Document Number
09-118
Tax Type
Retail Sales and Use Tax
Description
Use of repealed public service corporation exemption while selling communications equipment.
Topic
Appropriateness of Audit Methodology
Exemptions
Date Issued
07-31-2009


July 31, 2009




Re: § 58.1-1821 Application: Retail Sales and Use Tax

Dear *****:

This is in response to your letter submitted on behalf of ***** (the "Taxpayer"), in which you seek correction of the retail sales and use tax assessment issued for the period December 2003 through November 2006. I apologize for the delay in responding to your appeal.

                        • FACTS


The Taxpayer is in the business of selling communications equipment. The Taxpayer contends that the sampling methodology used in the audit resulted in an inaccurate liability. The Taxpayer further states that the transactions included in the sample are related to the repealed public service corporation exemption. The Taxpayer contends that it was not notified by its customers that the exemption had been repealed and that the exemption certificates provided by its customers were no longer valid.

                    • DETERMINATION


Sample

The Taxpayer contends that the sample methodology used in the audit is flawed and resulted in an inaccurate liability. Additionally, the Taxpayer asserts that the customers whose accounts are at issue have accrued significant amounts of Virginia use tax on their purchases from the Taxpayer that previously qualified for the public utility exemption. Further, the Taxpayer contends that Public Document (P.D.) 06-122 (10/17/06), issued by the Department to support the use of the sample, is not applicable in this instance. Based on these contentions, the Taxpayer has provided a detailed audit and requests that the detailed audit be used by the Department for the audit period at issue.
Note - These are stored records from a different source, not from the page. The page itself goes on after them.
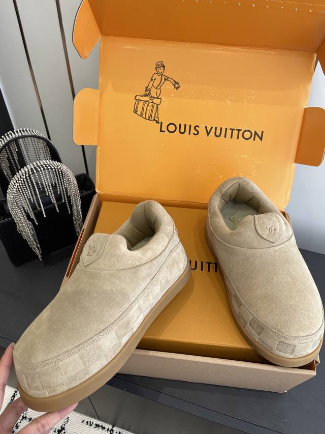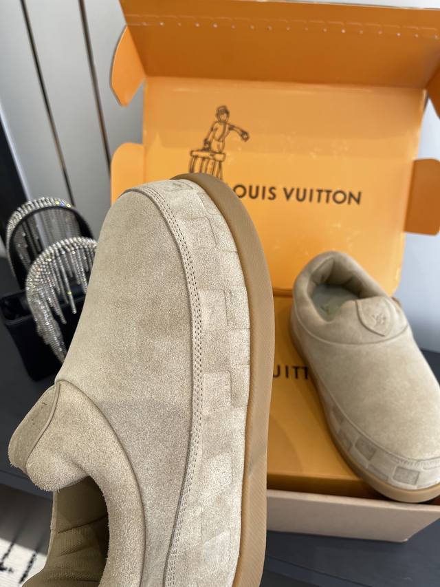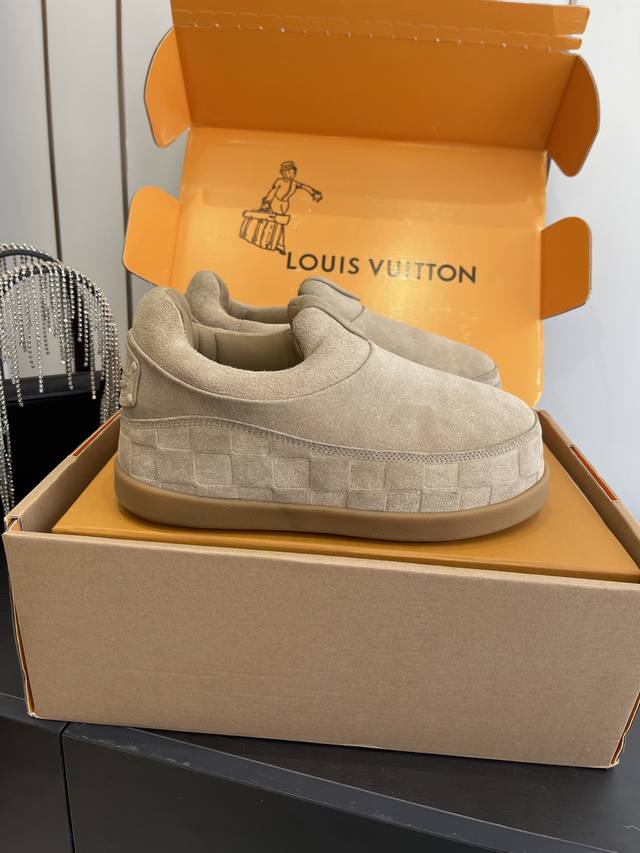 Top-tier version Louis Vuotton 2025 Autumn/Winter Chubby Couple Sneakers. The chubby, cute bear paw sole is also adorable. Made with suede cowhide leather, the shoes feature a partial embossed Nigo-interpreted Lv Damier pattern, subtly echoing the traditional Chinese aesthetic of removing shoes indoors. Incorporating Chinese street style elements, the paw print rubber outsole subtly displays the Lv logo and Monogram flowers. The exquisite Italian craftsmanship showcases the brand's heritage within a comfortable sneaker design. Sizes: 35-45 (Women's 40, Men's 45, custom-made).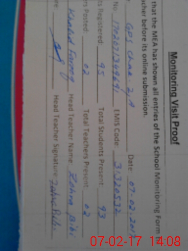 | EMIS Code: 31320532 | Name of School: GGPS CHAK NO.2/A | |||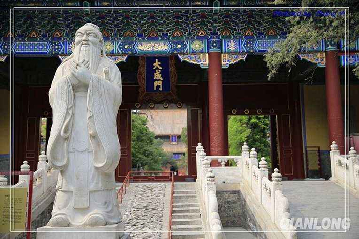 文庙既孔庙。孔庙占地22000平方米,有三进院落。中轴线上得建筑依次为先师门、大成门、大成殿、崇圣祠。前院东面有碑亭、神厨、省牲亭、井亭;西面有碑亭、致斋所,并有持敬门与国子监相通。两侧排列着198座元、明、清三代进士题名碑,刻有51624名进士的姓名、籍贯、名次,是研究我国科举制度的珍贵实物资料。大成门外有乾隆石鼓和与之有关的两座清代石碑。中院的主要建筑为东西庑和13座御碑亭;后院崇圣祠独立成院,集合成北京孔庙完整的古建筑群体。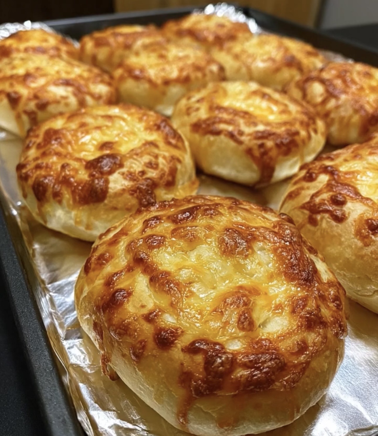 The rolls are baked until golden brown and fully risen. The kitchen fills with the comforting aroma of fresh bread and melted cheese, signaling that they are nearly ready.
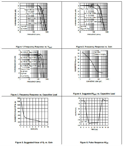 LMH6570具有电流反馈输出缓冲器,其增益由外部反馈(RF)和增益设置确定电阻器(RG)。对于电流反馈放大器,闭环频率响应是射频的函数。为了增益为2 V/V,建议RF值为576Ω。对于其他收益,请参见图26。通常,降低射频从建议值将峰值频率响应和扩展带宽,同时增加RF值会使频率响应更快地衰减。将RF的值降低到建议值将导致过冲、响铃和最终振荡。由于所有的应用都略有不同,因此有必要进行一些实验,以找到给定条件下的最佳射频电路。有关更多信息,请参阅电流反馈回路增益分析和性能增强,应用说明OA-13(SNOA366),描述了射频和闭环频率之间的关系电流反馈运算放大器的响应。针脚8的阻抗约为20Ω。这使得增益高达10V/V时具有良好的带宽。当与超过10V/V的增益一起使用时,LMH6570将展示一个“增益带宽产品”类似于典型的电压反馈放大器。增益超过10 V/V考虑选择像LMH6720这样的高性能视频放大器来提供额外的增益。

Sampling is an audit technique of significant value that is widely used in both the public and private sectors for all types of audits where a detailed audit would not prove beneficial either to the auditor or the client. When sampling techniques are properly applied, the final results are usually within a narrow percentage range of the actual amount that would have been determined by a detailed audit. The purpose of the audit sample is to determine a factor for errors within a representative selected period. Once the error factor is determined, the factor is extrapolated over the entire audit period. The purpose of the projection is to account for likely similar transactions on which Virginia tax has not been paid. Likewise, this same methodology is used when considering transactions on which Virginia tax has been overpaid.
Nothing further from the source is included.